Significant and not significant depending on the test. What to trust?


I'm a PhD student in the field of Bioengineering (sorry in advance for my poor english, btw). I'm analyzing some data to be included in a paper and have some concerns about what'd be the proper test for me to use. Basically, I'm studying the effect of increasing the concentration of a given reagent on the time the chemical reaction takes to start (from now on, latency time). When plotting the data (mean +/- SD), I see two particular consecutive concentrations (C1 and C2; N=9) with slightly different means and with SD that make the values overlap partially in the plot. With the naked eye, one would say both "populations" are not significantly different because of the overlapping. Generally, I like Kolmogorov-Smirnov test since it takes into account all possible differences among groups, not just the mean. By unpaired two-samples K-S test, the two populations I mentioned were not significantly different, but then I decided to perform an ANOVA since everybody does it (most of the cases without taking into account its assumptions, though)... and guess what: both groups were significant (and the same happened when performing t-test).

Then the question arised: should I trust K-S or ANOVA/t-test?
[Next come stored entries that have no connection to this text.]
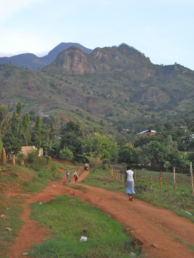 Uluguru Mountains, Tanzania
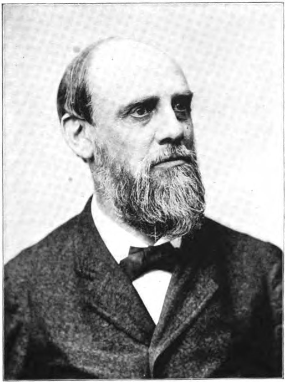 George Hoadly from a painting by E. F. Andrews in the Capitol in Columbus.
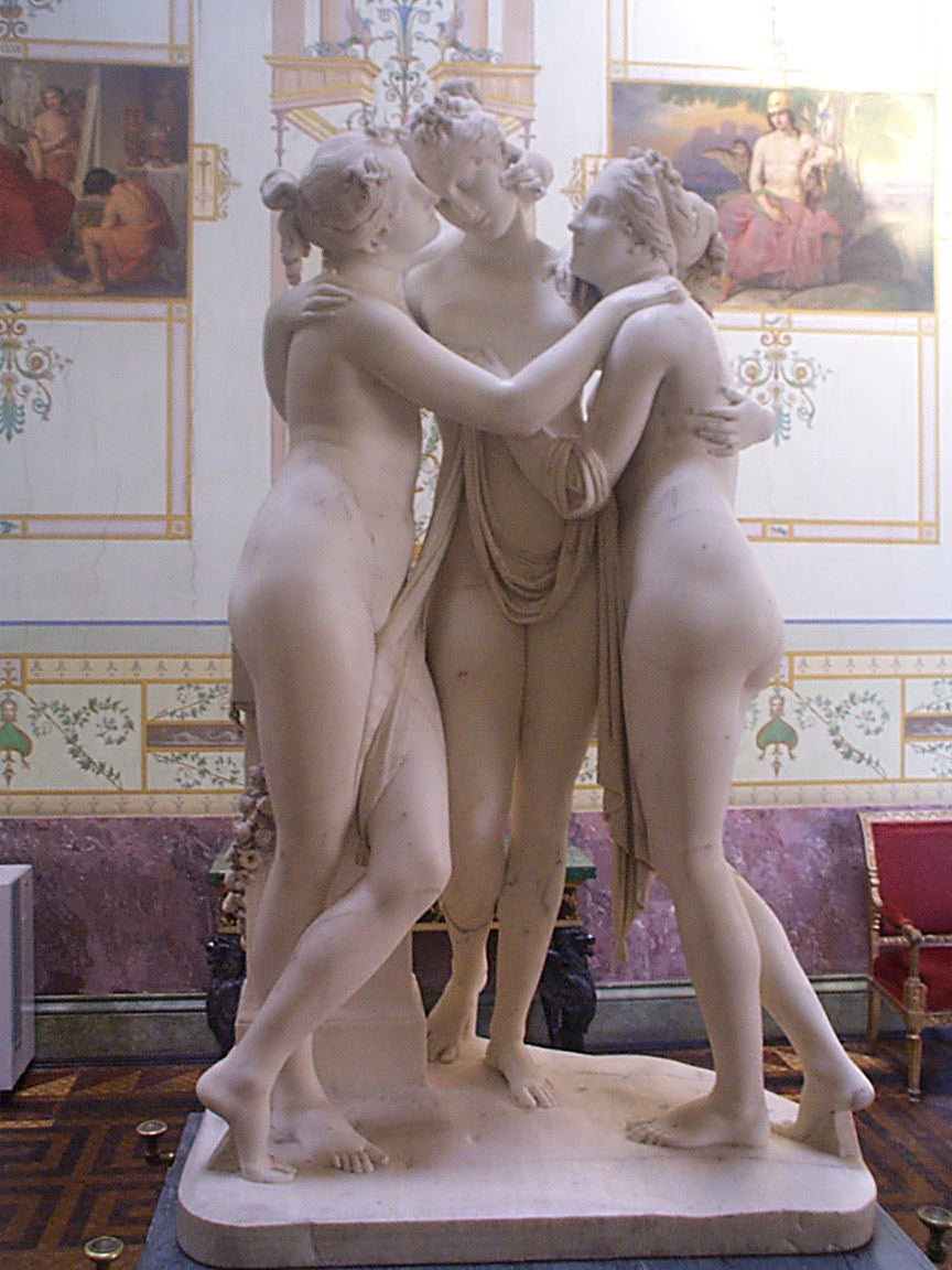 From the youngest to oldest the Graces were: Aglaea ("Beauty"), Euphrosyne ("Good Cheer"), and Thalia ("Festivities"). Also known as the Charites (Greek Mythology name) or Gratiae by the Romans. They appear in many works of art, such as Boticelli's Primavera at the Uffizi gallery.
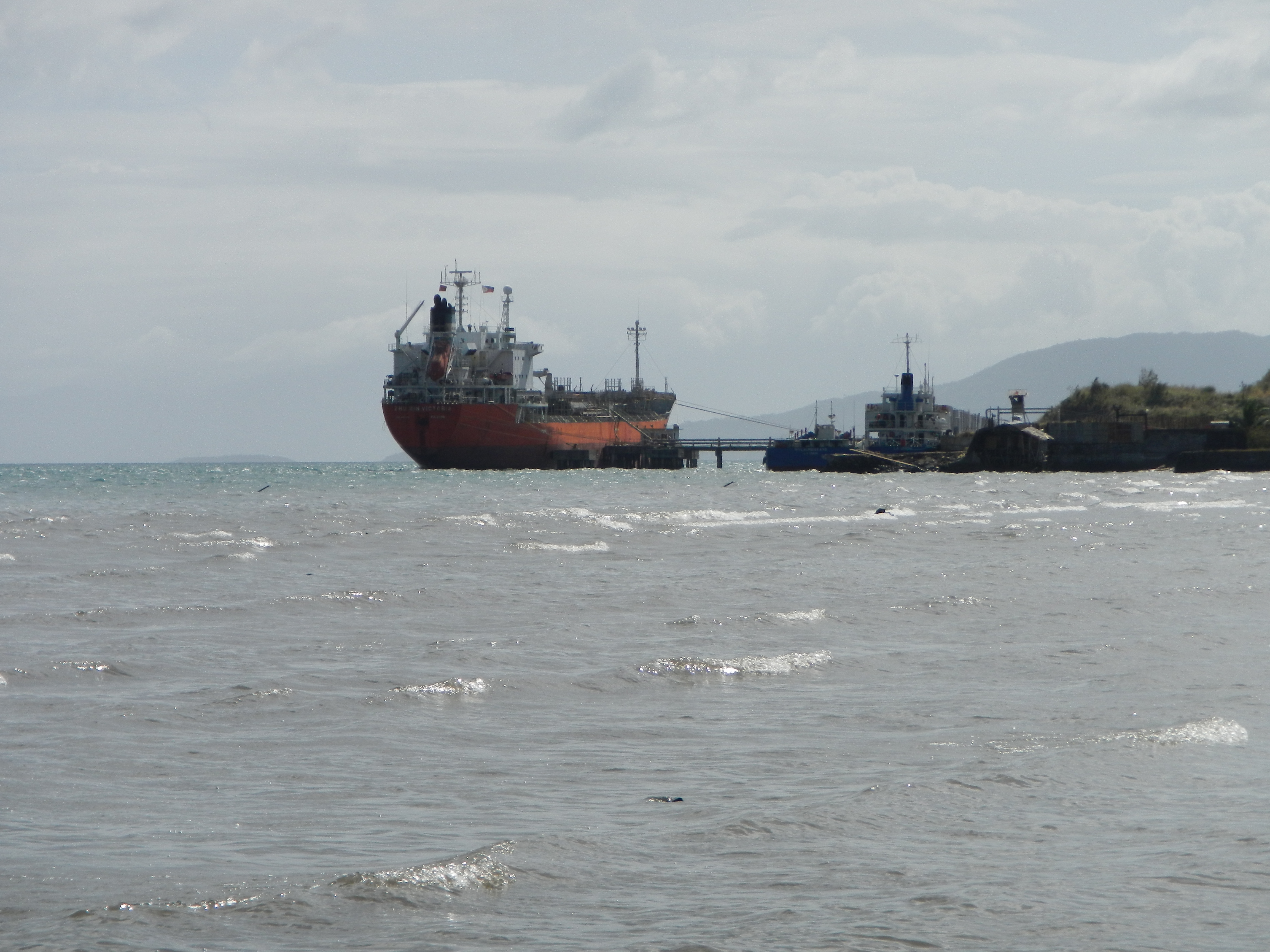 Upload Wizard photos -- (General description, 3-dimension angle by angle photography of this town, church & landmarks) -- Balintawak Cry of Pugadlawin Andres Bonifacio monument, San Pascual, Batangas National Highway, Poblacion, Bauan, Batangas Elementary School, National Highway, bancas, coconut trees, Mabini, Bauan beach, shore, blue sky, ships and ferry boats, blue mountains within Barangay San Pedro, Bauan, Batangas and Barangay San Juan, in Mabini, Batangas[1].

For me it'd be odd to say two groups that overlap in terms of mean+/-SD are significantly different, but maybe it's just a concept problem of mine.
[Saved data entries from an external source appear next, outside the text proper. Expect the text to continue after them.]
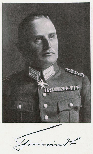 major general Rudolf Schniewindt
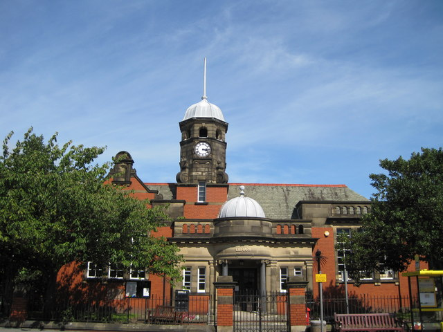 Carnegie Library, College Road, Crosby, Merseyside, seen from west-southwest
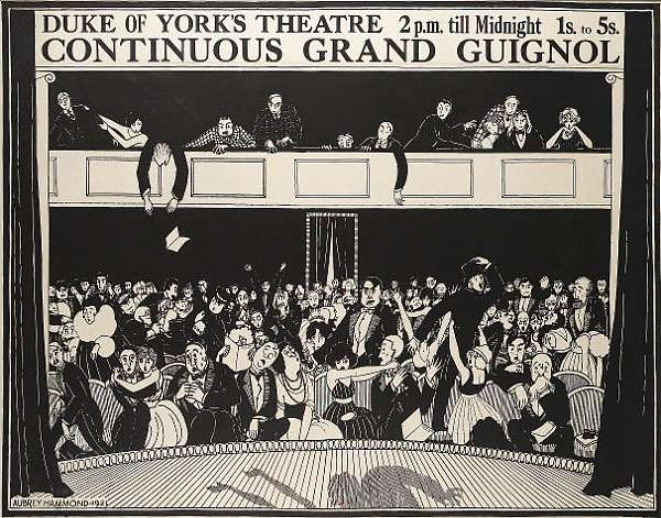 Drawing by Aubrey Hammond to advertise the Grand Guignol Productions at The Duke of York's Theatre, 1921.
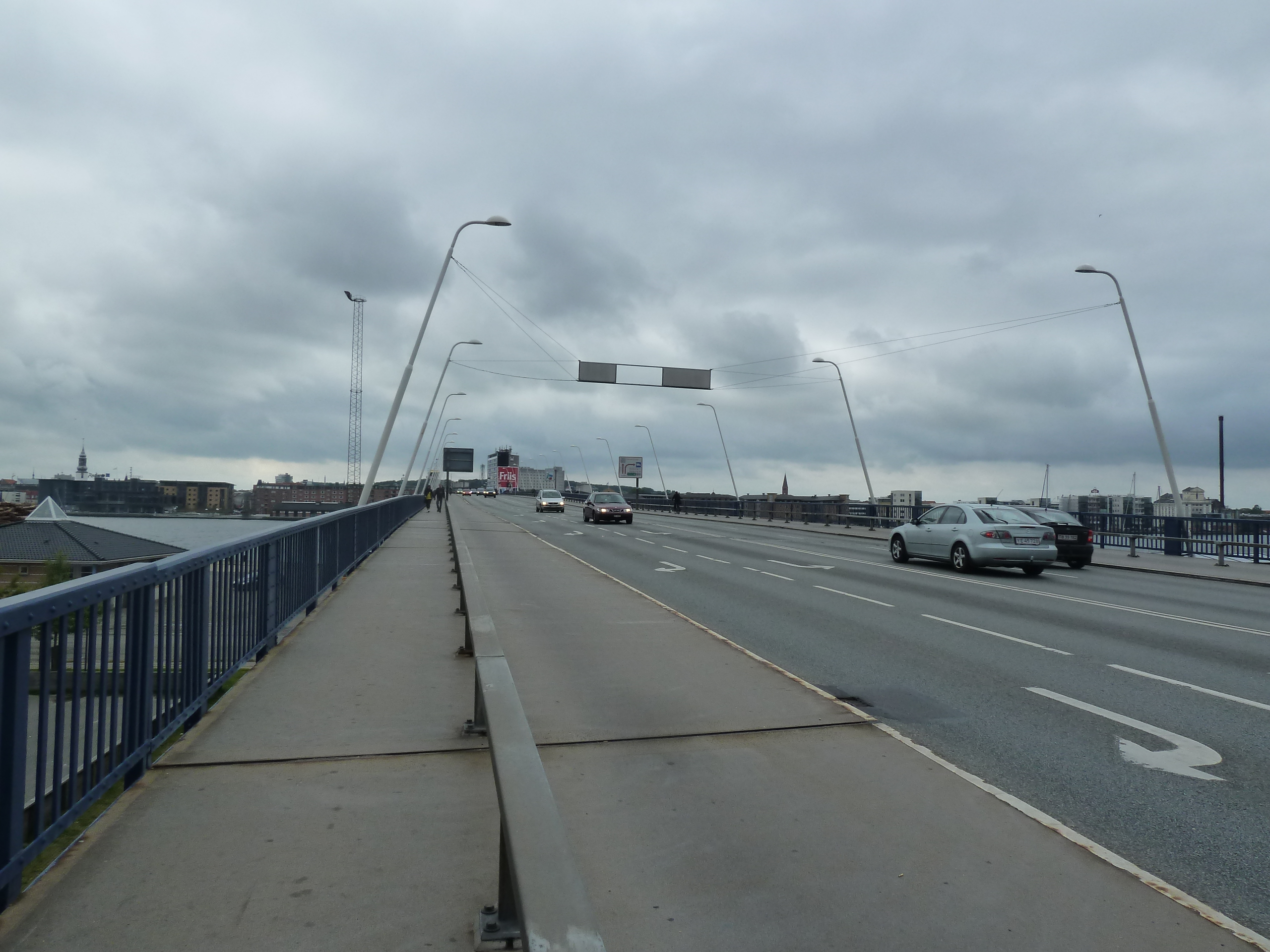 Limfjordsbroen between Nørresundby and Aalborg in Denmark.
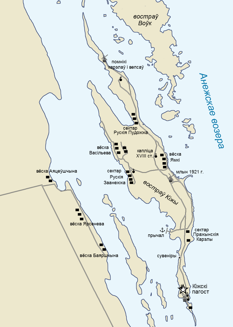 Map of the Kizhi Island in Belarusian
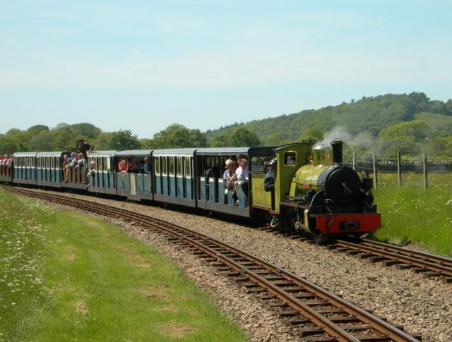 Northern Rock, La'al Ratty steam engine
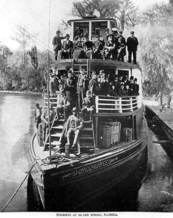 Tourists aboard the river steamboat "Okeehumkee" - Silver Springs, Florida

Fow what I've read, unpaired two-samples K-S is a pretty potent test for small populations and I thought it'd be a good alternative given the heteroschedasticity I found in my data. But I've read also it's not a decent test, so I don't know what to trust.
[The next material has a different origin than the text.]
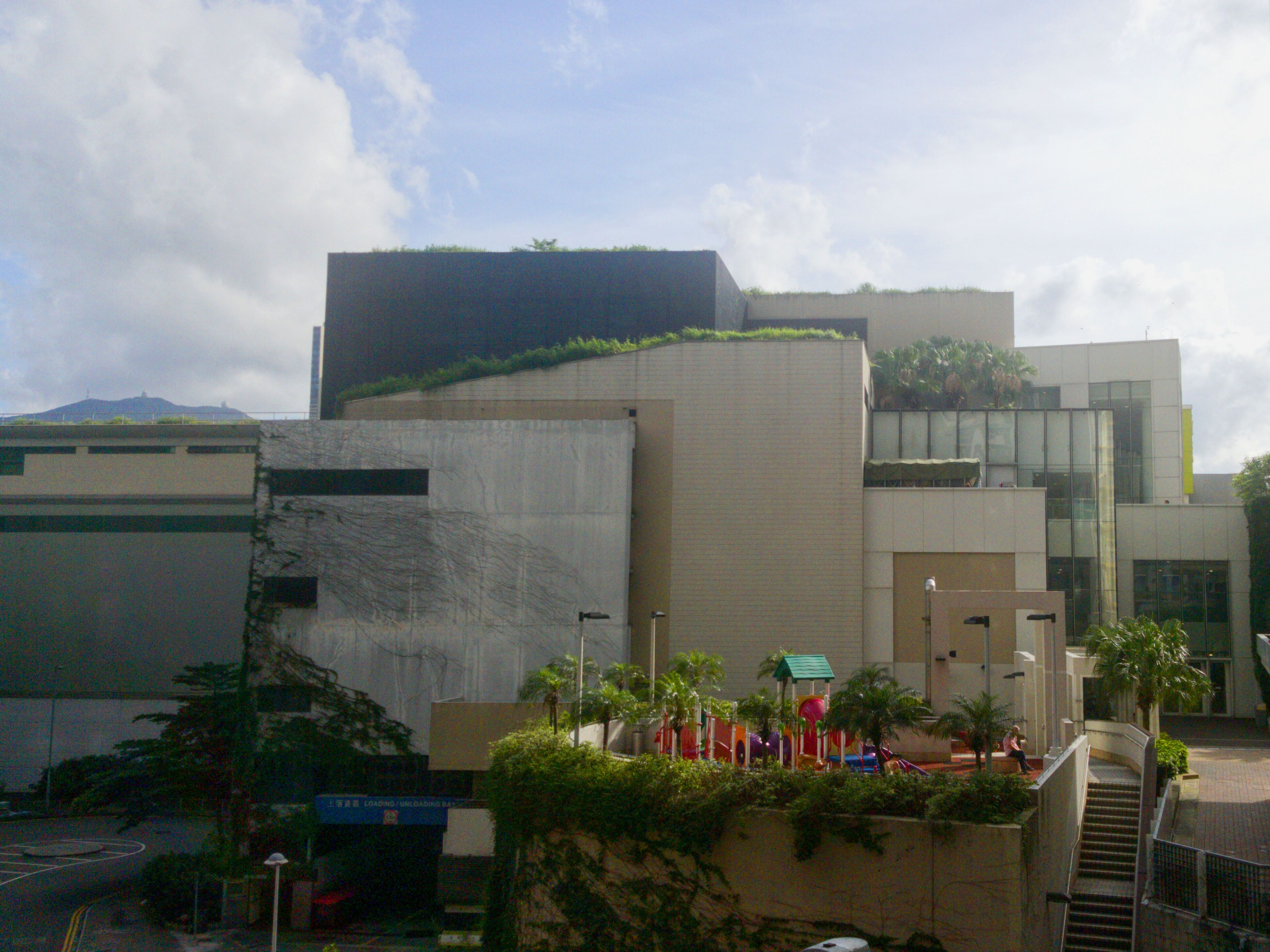 Exterior of Yau Lai Shopping Centre

I'd really appreciate your help since my mates and bosses seem not to find consensus. Most of them agree with "seeing the groups as populations (mean+/-SD)" but, at the end, systematically run ANOVA tests.

Thanks in advance.

First, you should explain more about your groups: how many groups do you have? What is your total sample size? Besides, what is your exact P value for KS test and ANOVA?

Second, KS compares distributions. The alternative for ANOVA is Kruskal-Wallis. The alternative for t-test is Mann-Whitney. So why you ran a KS in the first place? I first confused KS with KW! but later saw you have actually run something seemingly irrelevant. If your design needs an ANOVA, KS is not even a test of choice to be compared with ANOVA.

Third that, if ANOVA's assumptions are met, it is a better option than KW test(KS is not even a choice).

Fourth: You shouldn't run t-tests alongside ANOVA. Instead, you should run ANOVA's specific post hoc tests such as Tukey.

5: Visual assessment of standard deviations (looking for overlaps) is not something you can rely on too much, especially in an ANOVA setup and especially overlap of standard deviations, in a way that you invalidate test results only based on some visual overlap.

ANOVA and KS tests answer different questions. In your case, it seems that ANOVA is the correct one, if its assumptions are met. Otherwise, do a KW test instead.
Hi, Victor.

Wow, I just realized I'm a fool when it comes to statistics! First of all, thanks for your reply. Let me go through your questions.

1.- I have 7 groups with 9 measures each, making N=63, p=0.037 (Kolmogorov-S). Regarding ANOVA, p=0.000 assuming variances from two groups were equal. I just checked their variance and saw it was 8362,5 and 1709,028. Given these variances, is it feasible running ANOVA with post hoc test not assuming homoschedasticity or should I move to Kruskal-Wallis*? Is there kind of a rule/threshold to know when to consider your variances are "equal"? For example, I've read one shouldn't run ANOVA if SD of one sample is <2xSD of another one (at this time, I don't even know if this rule is true).
*When assuming equal variance, p=0.000; with Tamhane's post hoc test, p=0.155. Now I'd trust more the latter one, but still don't know if this p is something I can trust with such a difference in variance.

3.- I chose Kolmogorov since I read it can detect any kind of difference between groups and it has a good potency when compared to t-test for small samples. But I see that's when one want to check differences in distribution.

4.- I assume, for what you said, running multiple t-tests would introduce more error than running ANOVA with post hoc test. Which one would you recommend? Some mates tell me Tukey and some other Bonferroni.

Many thanks for your help.
1. Instead of rules and thresholds, you can use a test too. Levene's test can be used to test if SDs are different or not. I think it is already reported in ANOVA's tables, by SPSS. Check its P value out. If the SDs were not OK, KW test can still do it and it is a rather powerful test too.

1B. I see your KS and ANOVA are both "significant" (both P values < 0.05). So why you worried at all? I remember you told us in your first post that one test shows statistical significance while the other one showed the opposite. But seemingly both are significant. Am I missing something?

3. KS compares the distribution shapes. It can be potent but in detecting something not relevant to your case.

4. Both post hocs are common and good. If you want to compare all the groups with each other, Tukey is a little bit better in your case with lots of pairwise comparisons.